Since they are so clearly related here are the videos for both “Kill The Winner” and “Singing My Heart Out”.

Check out Lissi Dancefloor Disaster on:  [Facebook] [Twitter] [Spotify] [Soundcloud]

 

A few days ago, in an attempt to find something new to listen to in the car, I pulled out a few Brazillian bossa nova CDs I grabbed when Tower Records closed it’s Chicago stores in 2007. I loved them at the time, but, to be honest, I haven’t really given them a second thought since June of the following year. Now, I don’t put much stock in these things (even if I did watch My Dinner With André last night), but when I opened my email the following morning to find a trio of new Elefant EPs, including the newest single from Giorgio Tuma with Lena Karlsson (Komeda), it was almost as if my sudden inclination to revisit my post-collegiate Latin leanings was meant to prepare me mentally for the present single. The two-track EP is the Italian songwriter’s third Elefant release and reflects strongly the instrumental influence of Latin jazz, Sergio Mendes, and the various Gilbertos with seventies soul harmonies and the glitchy charm of Stereolab.

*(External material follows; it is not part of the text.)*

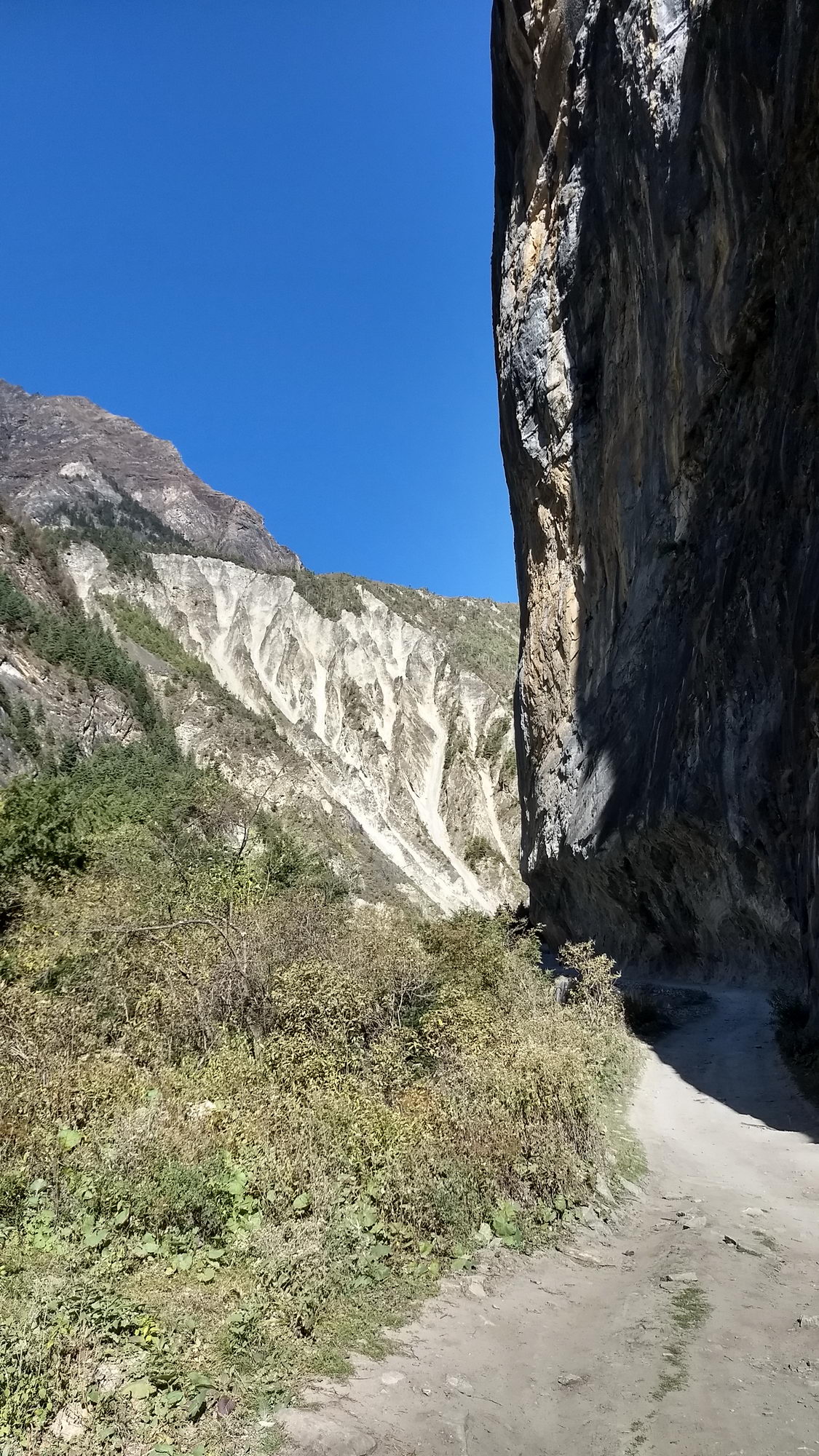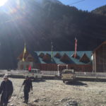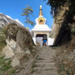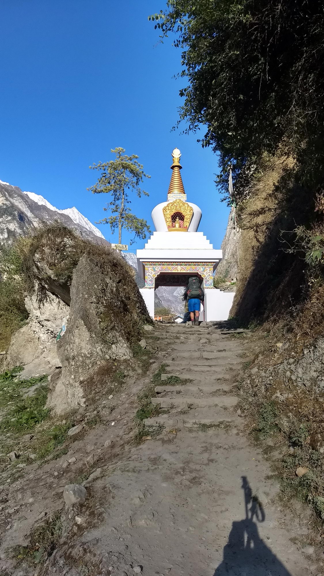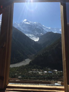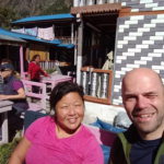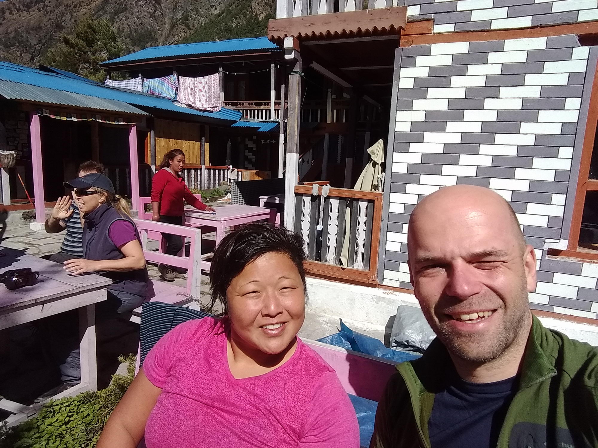 De trekking gaat langs een bosrijk gebied en appelplantages naar Bhratang, waar we een stop maken om een theetje te drinken met een verse appelmuffin die recht uit de oven komt. Mjummie… super lekker! We vervolgen onze weg via een uitgeholde klif. Achter de bocht zien we de Paungda Danda 1500 m boven de rivier uitsteken en zien we ook de Annapurna 2 voor een eerste keer in het landschap opduiken. Machtige vergezichten. Een steile klim via een tof bospad brengt ons de eerste keer boven de 3000 m. Niet te onderschatten met een rugzak van 11 kg op je rug. Het enige wat je kan doen is het tempo wat aanpassen zodat je lichaam de inspanning makkelijker verteert. Tussenin kom je een paar stalletjes tegen, die wat te eten en drinken verkopen en wat leuke armbanden en halskettingen. Ik laat mij verleiden tot een leuke halsketting. Meteen ook mijn eerste souvenir. Hier komen we ook onze jeep reisgenoten terug tegen. Na een korte pauze en ervaringen uitwisselen gaan we verder bergop door het bos. We hebben onze tweede adem gevonden! Eénmaal boven wandel je opnieuw via de weg naar Dhukur Pokhari, waar wij onze lunchpauze namen op het terras van een van de kleurrijke lodges. Noedelsoep en thee onder een stralende zon! Zaaaalig!

Also currently available from Elefant is a 10-inch mini-LP, If Words Could Kill, from Leicester indiepopsters The Silver Factory, a follow-up to their first EP released on Elefant only a few months earlier. The band, though named in honor of Andy Warhol’s pop arthouse, is far from a rehashed Velvet Underground. Clearly rooted in the British Invasion (see “I’m Alright”) is likewise decidedly steeped in ’80s indiepop (Close Lobsters; Soup Dragons). Really, it sounds like the kind of record you might expect to find on Matinée (which is just my subtle way of saying that this is the sort of thing that will appeal to fans of Math and Physics Club). Drop the needle on this one, and it’s only a matter of seconds before you’ll feel the overwhelming desire to don your favorite wool jumper and stare at your shoes.

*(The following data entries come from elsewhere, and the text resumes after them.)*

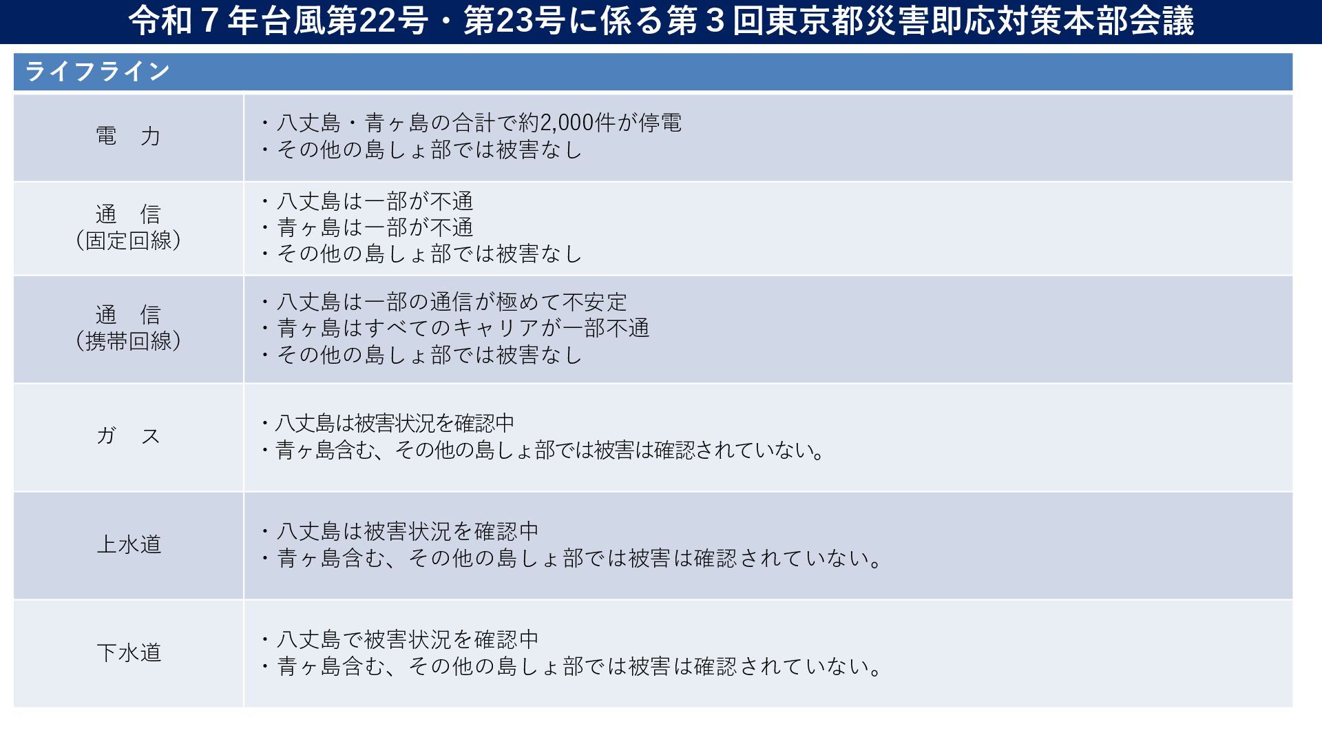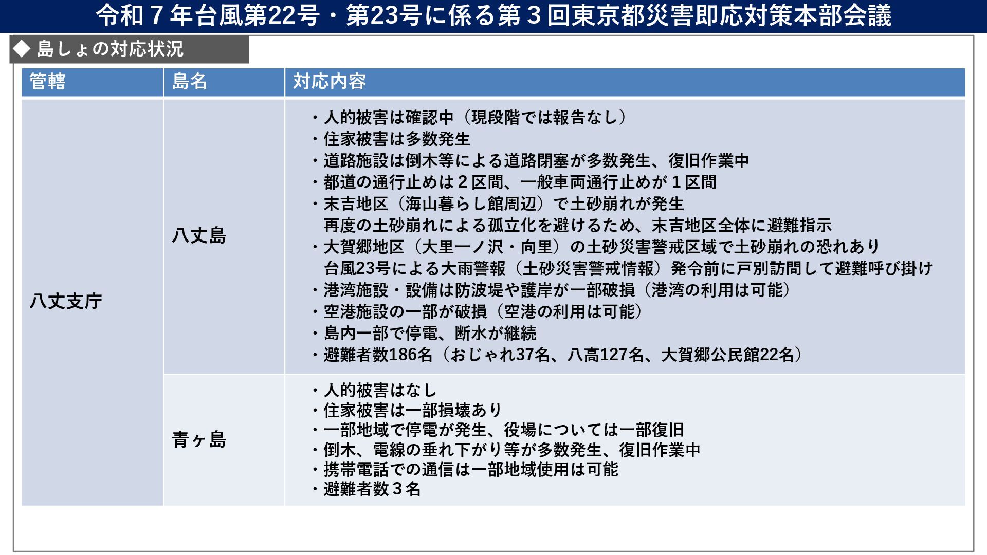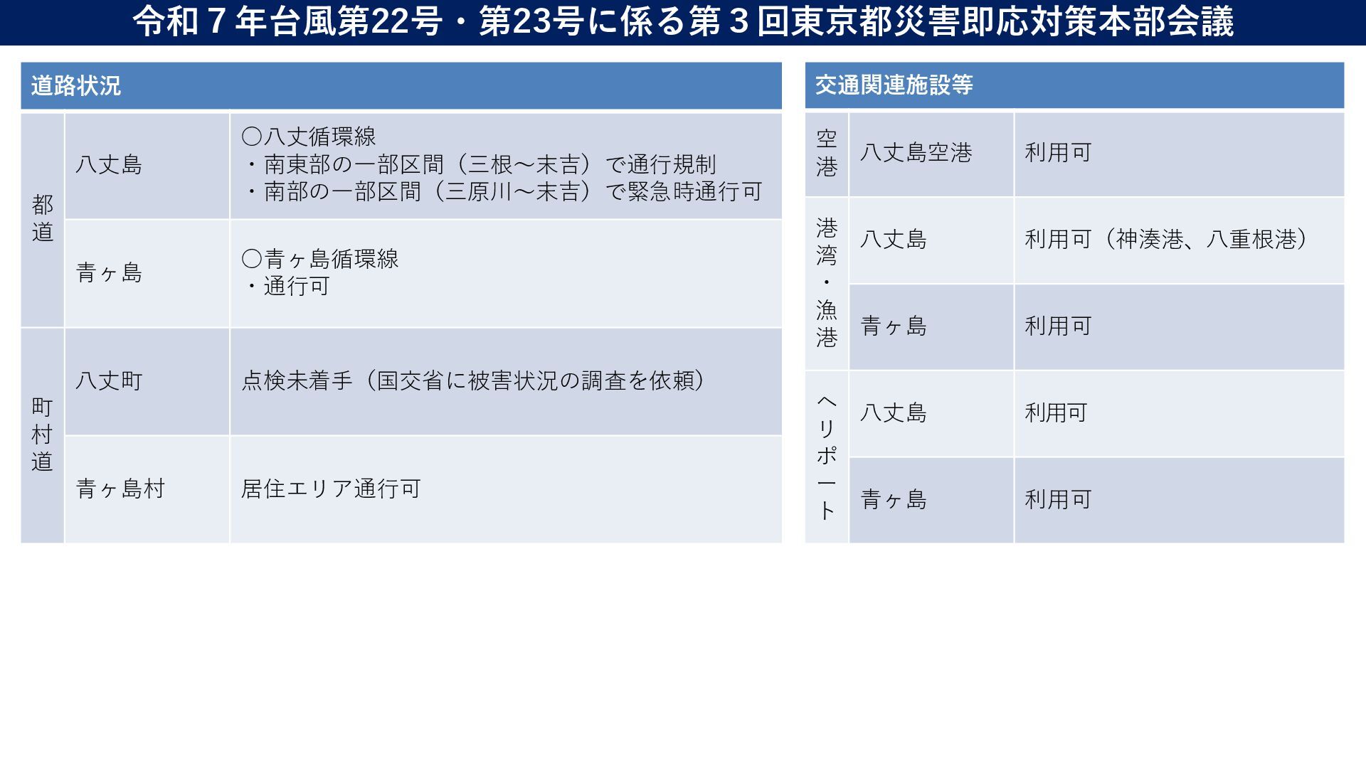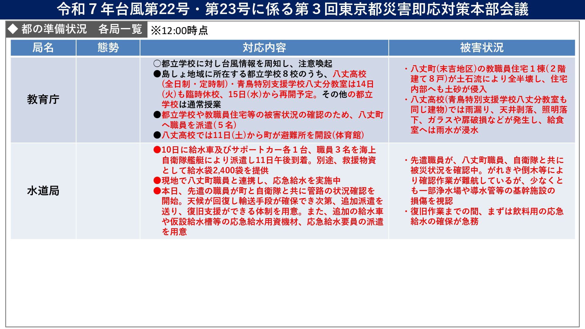 数 調整状況 単三電池 (本) 18,400 2,002 12日自衛隊機 18,400 輸送手段調整中 単一電池 (本) 5,000 885 12日自衛隊機 5,000 輸送手段調整中 単二電池 (本) 5,000 718 12日自衛隊機 5,000 輸送手段調整中 ボディーシー ト(パック) ー 211 12日自衛隊機 ポリタンク (個) 11日 211 12日自衛隊機 八丈町に必要数を確認中 口腔ケア用品 (個) ー 105 12日自衛隊機 水を使わない シャンプー (本) ー 190 12日自衛隊機 ウェットティッ シュ(パッ ク) ー 500 輸送手段調整中 対応済 対応済 対応済 八丈島物資要請対応状況(令和7年10月12日12時時点)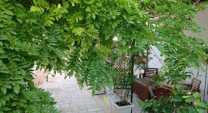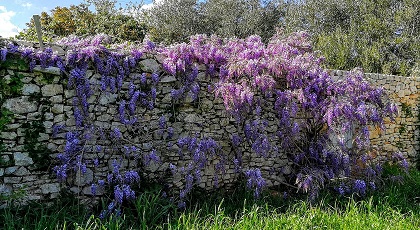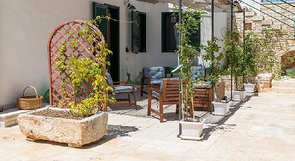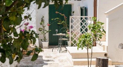 In una zona del giardino, retrostante il trullo, alla quale si accede attraverso una porta sita nel muro di cinta e nascosta da rami di un glicine, ci sono rose rampicanti che riempiono la intera parete, ulivi ed alberi da frutta, fra questi un grande albero di fico che in estate regala agli ospiti frutti dolcissimi.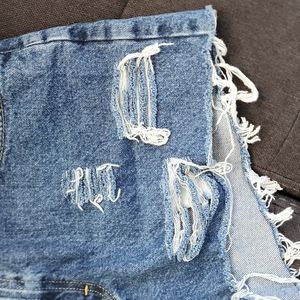 Upcycled distressed denim shorts. One of a kind. I am a size 12 and they fit me perfectly. These were upcycled from a pair of LEE men's jeans, very comfortable. See measurements below. Smoke free home.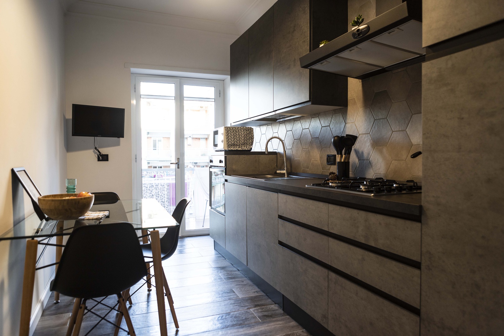 N ed E sono una giovane coppia con una bimba di tre anni bellissima ed una cagnolina vivace.Erano in procinto di trasferirsi e mi hanno contattata per un restyling della loro prossima casa presa in affitto.La sfida del progetto è stata arredare una casa che non aveva molta personalità e cercare di renderla perfetta per i prossimi abitanti, attraverso i vincoli di impianti e pareti che non sono stati cambiati e con un budget ben preciso da investire.Le parole chiave del progetto: colori audaci e scuri, tema della savana e carta da parati.La casa in affitto in cui si sarebbero trasferiti era anonima e aveva bisogno di un restyling, non andava stravolta completamente, per cui molti elementi sono stati conservati, ad esempio la boiserie nel corridoio e le controsoffittature modanate e sono diventati il punto di partenza del progetto. Le dimensione delle camere era già adeguata ai vari ambienti della casa, che da questo punto di vista risultava sin da subito funzionale, per questo il mio contributo è stato molto mirato.Il progetto ha previsto la nuova distribuzione degli arredi, assecondando gli impianti già esistenti, nelle varie camere, eccetto il bagno, per ora rimasto invariato.Attraverso l’introduzione di nuovi colori, l’uso della carta da parati in nicchie e altre pareti strategiche e grazie ad un nuovo pavimento, ho guidato questa giovane famiglia nella scelta delle nuove componenti della loro casa.La famiglia ha trovato la giusta combinazione tra arredi e decorazioni, lasciando ampio spazio per il loro gusto e personalità.Tra le richieste la possibilità di gestire il loro e-commerce da casa, quindi di indossare e fotografare i prodotti, per questo nella zona living si è prevista una parete composta da due grandi specchi, mentre la parete opposta ospita una carta da parati verde che fa da sfondo alle foto da scattare.La casa ha assunto toni scuri, alternati ai tratti romantici ed ai colori più armonici, mixati a texture che richiamano la savana.

While I think it has been fairly well-established that a great many Elefant releases will ultimately prove to be something special, occasionally, a release leaves even me stunned. Try as one might to write them off as just the latest in a string of girl groups built by male songwriters to recapture the ethos of a bygone era (e.g. Monster Bobby and The Pipettes), there’s something particularly irresistible about The Yearning. Created by songwriter/producer Joe Moore, The Yearning’s aptly titled EP, Jukebox Romance, was recorded in a cupboard underneath a staircase in Moore’s home. But where other such groups with similar origin stories seemingly aim to conjure up Spectoral shades, The Yearning recall a time when mad old Phil was just another Teddy Bear. So much so, you half expect singer Maddie Dobie’s boyfriend (no doubt the spit of James Dean) to hop on his Triumph and go skidding off of Dead Man’s Curve. In fact, the legendary screeching tires sound effect even makes an appearance on “Boy Racer”. In fact, for the most part, Jukebox Romance is doo-wop down to the “shoo-wop-doo-wah-oo” background vocals and spoken interludes, right up until the moment “Don’t Call Me Baby” has a passionate fling with a James Jamerson bassline. (And all of it with that misty hue you find wherever British artists adopt American vernacular styles.*) Where The Yearning are concerned, I think the first track on Jukebox Romance says it best: “You Make Lovin’ You Easy” and I can’t exactly say why (—well, I probably could, but that’s a topic for another time). Jukebox Romance is available now from Elefant Records.

*This is not a bad thing. It’s not even easy to explain. It’s just what happens—sort of like the way every time Americans touched C86, it turned into grunge.